Currently, SDPL has been operating a smaller mill that processes eight metric tons of Fresh Fruit Bunch (FFB) per hour, but with the introduction of the bigger mill, the rate of processing will increase to 30 metric tons of FFB per hour or 600 tons a day.
The introduction of the bigger mill will have a positive impact on building the capacity and technical skills of employees as the company intends to have at least 100 employees directly working at the mill.
With the country still experiencing scarcity of skilled labor in activities such as mill operations due to the prolonged civil war, several Liberian employees are expected to gain valuable knowledge in operating a mill, which processes oil palm fruits into crude palm oil.

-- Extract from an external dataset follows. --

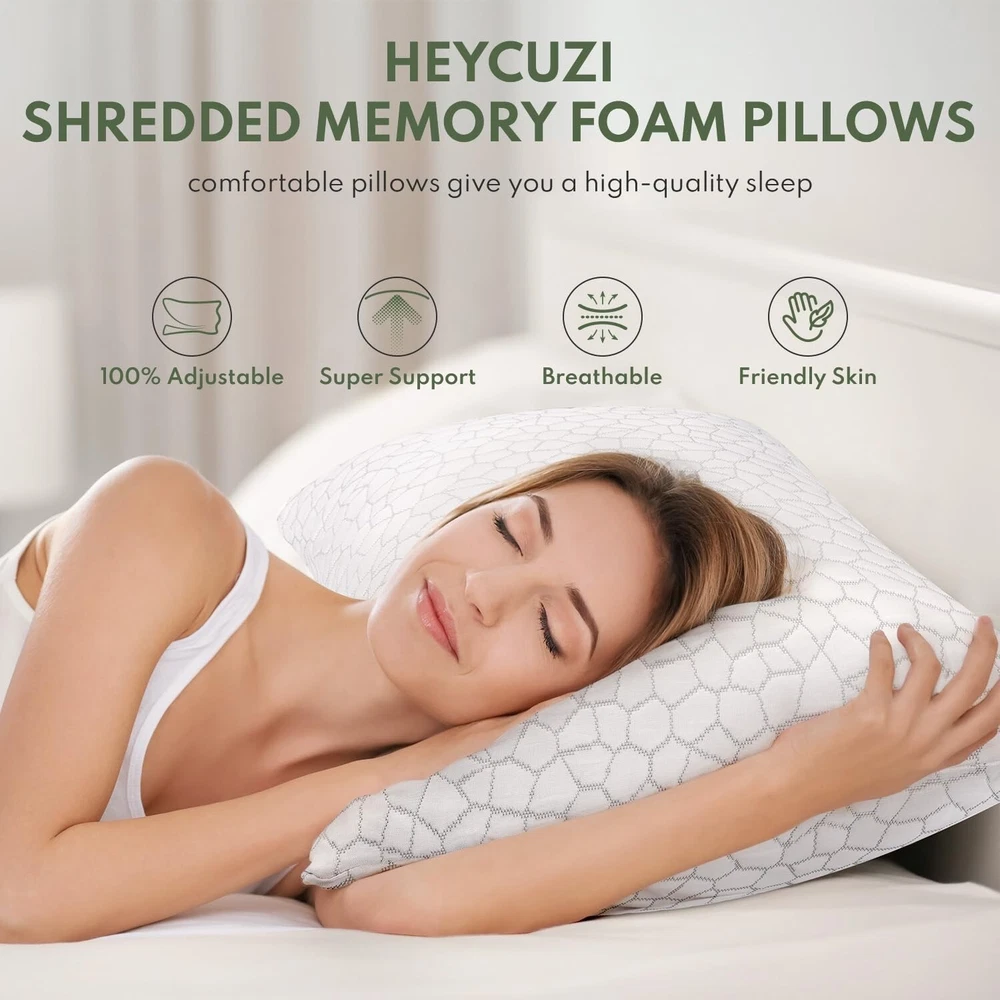 Cooling Shredded Memory Foam Pillow for Sleeping - Queen Size 2 Pack, Adjustable Bed Pillows Set of 2 for Side, Back, and Stomach Sleepers, Washable Breathable Cold Cover - CertiPUR-US Product Details Size: Queen Size (Pack of 2) Brand: HEYCUZI EAN: 6955543338728 MPN: Does not apply UPC: Does not apply Fill Material: Memory Foam Pillow Type: Bed Pillow Color: White Size: Queen Size (Pack of 2) Brand: HEYCUZI Fill Material: Memory Foam Pillow Type: Bed Pillow Color: White Size: Queen Size (Pack of 2) Brand: HEYCUZI Shape: Rectangular Special Feature: Cooling, Adjustable, Neck Support, Machine Washable Cover Cover Material: Polyester Pattern: Geometric Age Range (Description): All Ages Number of Items: 2 Product Dimensions: 29"L x 18"W Product Care Instructions: Machine Washable Pillow Cover, Shredded Memory Foam Fill is Non Washable Style: Modern Closure Type: Zipper Indoor/Outdoor Usage: Indoor Recommended Uses For Product: Multi Position Sleeper Item Firmness Description: Adjustable Theme: Cool Material Feature: Cooling Unit Count: 2.0 Count Fabric Type: 100% Memory Foam Item Weight: 9.02 pounds Manufacturer: HEYCUZI Date First Available: December 28, 2023 Comfort for Every Sleeper Pillows Queen Size Set of 2 - Discover the ultimate sleep experience with our adjustable shredded memory foam pillows, tailored to your individual needs. Whether you are a side, back, or stomach sleeper, our bed pillow adapts to your shape, providing unparalleled support and comfort. Say goodbye to sleepless nights and wake up feeling rejuvenated! Fully Adjustable to Fit Your Unique Needs - Too hard, too firm, too soft, too low, too hight, no support? experience the perfect balance of softness and support with our hotel pillows easy to adjust design. Access the memory foam fill to add or remove material based on your comfort preference. Achieve the right alignment and enjoy reduces snoring pain-free mornings with tailored support for your head, neck, and shoulders. Cooling Best Comfort Pillows- Perfect for hot sleepers, expertly designed for those who heat up at night. Our advanced cooling technology combines gel-infused, ventilated memory foam with a Luxury soft cover that enhances air flow and temperature regulation. This perfect blend keeps you cool and comfortable all night Easy to care for, the cover is removable and machine washable, ensuring your sleep is not only cool but also clean and refreshing. HEYCUZI Premium Memory Foam Pillow - Certified for Your Safety - Sleep with confidence on HEYCUZIs superior shredded memory foam pillows, crafted for enduring comfort and resilience. Each pillow is made from freshly produced, top-grade memory foam, ensuring long-lasting support without flattening. holding both CertiPUR-US certifications, which attest to our foam's odorless safety and absence of harmful chemicals. Ideal for every sleeper, HEYCUZI pillows guarantee a safe, and restful night. Committed to Your Satisfaction HEYCUZI - Best pillows for sleeping we stand behind the superior quality of our pillows tailored for all sleep positions, If our pillow doesnt meet your expectations, reach out to our dedicated customer support team. We promise to provide you with an immediate solution to enhance your sleeping comfort. Embrace a sleep transformation with HEYCUZIwhere your comfort is our first commitment. Tips Before Use - Our pillows are delivered compressed. Simply unbox, give them a gentle pat to fluff, and allow 24 hours to expand to their complete, supportive form. Cooling Pillow Tips - No pillow stays cool forever due to ambient temperatures. Enhance and prolong cooling by using it with air conditioning or a fan, ensuring a comfortable sleep.

Many African countries are exerting efforts aimed at lifting the skills of locals.
Liberian cabinet officials during a recent cabinet retreat underscored the need to prioritize the construction of functional mills in several counties in the wake of growing interest in mechanized agricultural activities such as the cultivation of oil palm.
SDPL’s new mill will run in two shifts per day and for six days during the course of every week.
The company is expected to give priority of employment at the mill to existing employees.
SDPL signed a 63-year agreement with the Government of Liberia to develop 220,000 hectares of land in Grand Cape Mount, Bomi, Gbarpolu and Bong into oil palm and rubber plantations.
To date, the company has planted some 10,500 hectares in Grand Cape Mount and Bomi counties as further expansion is tied to the outcome of a High Carbon Stock study conducted by foreign experts. The study is expected to guide the company to carry out plantation activities in line with the requirements of the Round Table on Sustainable Palm oil (RSPO).